画符术在道门是一件非常严肃的事情,需要摆香请神、洗手漱口等等。但在常佐之这里,画符就像是寻常绘画一样直接就开工了。
常佐之从包里取出纸缯朱砂,什么预先工作都没有,直接画了起来。方丈山并不擅长符箓,所以李衍真对此了解也不多。
只见常佐之十分敷衍地画了些七扭八歪的形状,又写了几个字体古拙的怪字,将符交给那妇人,道:“放在你家相公枕下就是了。”

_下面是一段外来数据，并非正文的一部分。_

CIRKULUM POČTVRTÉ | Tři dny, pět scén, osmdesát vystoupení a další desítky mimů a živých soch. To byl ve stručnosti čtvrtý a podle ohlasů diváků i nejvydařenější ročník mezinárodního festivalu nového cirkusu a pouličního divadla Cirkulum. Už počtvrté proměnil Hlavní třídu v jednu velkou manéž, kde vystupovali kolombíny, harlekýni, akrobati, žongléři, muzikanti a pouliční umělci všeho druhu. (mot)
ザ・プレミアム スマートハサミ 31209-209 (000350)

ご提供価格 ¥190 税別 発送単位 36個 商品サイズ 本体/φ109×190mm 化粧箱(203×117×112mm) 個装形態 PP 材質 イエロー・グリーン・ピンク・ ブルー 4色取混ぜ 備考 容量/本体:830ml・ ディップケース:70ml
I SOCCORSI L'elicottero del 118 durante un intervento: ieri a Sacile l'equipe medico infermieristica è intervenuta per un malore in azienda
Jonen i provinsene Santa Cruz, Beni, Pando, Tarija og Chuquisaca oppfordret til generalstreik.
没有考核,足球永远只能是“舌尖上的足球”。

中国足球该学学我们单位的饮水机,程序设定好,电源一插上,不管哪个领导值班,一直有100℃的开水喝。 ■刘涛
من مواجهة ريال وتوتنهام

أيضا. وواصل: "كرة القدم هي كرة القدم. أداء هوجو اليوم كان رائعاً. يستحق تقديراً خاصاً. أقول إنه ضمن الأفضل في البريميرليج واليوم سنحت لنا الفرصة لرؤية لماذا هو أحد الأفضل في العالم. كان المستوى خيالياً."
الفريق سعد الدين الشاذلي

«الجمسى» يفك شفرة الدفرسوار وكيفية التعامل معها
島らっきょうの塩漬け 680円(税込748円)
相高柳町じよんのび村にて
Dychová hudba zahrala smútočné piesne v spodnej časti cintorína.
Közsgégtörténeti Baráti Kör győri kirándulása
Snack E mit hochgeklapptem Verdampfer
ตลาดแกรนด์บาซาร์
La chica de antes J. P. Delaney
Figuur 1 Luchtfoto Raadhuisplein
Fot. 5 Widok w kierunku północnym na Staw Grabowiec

那妇人千恩万谢地带着丫鬟离去,李衍真见她走远,才拿着茶杯茶壶坐到了常佐之对面,笑道:“怎么回事,你还干这种活吗?”
李衍真本以为常佐之会尴尬地挠挠头,没想到常佐之很严肃地道:“刚才那妇人不是一般人,她可是赵招财的老婆。她说的那个过世的公公,就是赵长寿。”
李衍真这才明白常佐之干这种活的用意,并很快就发现了关键:“那你那张符……”
常佐之道:“不错,我可以借助那张符进入赵招财的睡梦。赵招财或许很狡猾,但再狡猾的人,也很难在梦中保守秘密。”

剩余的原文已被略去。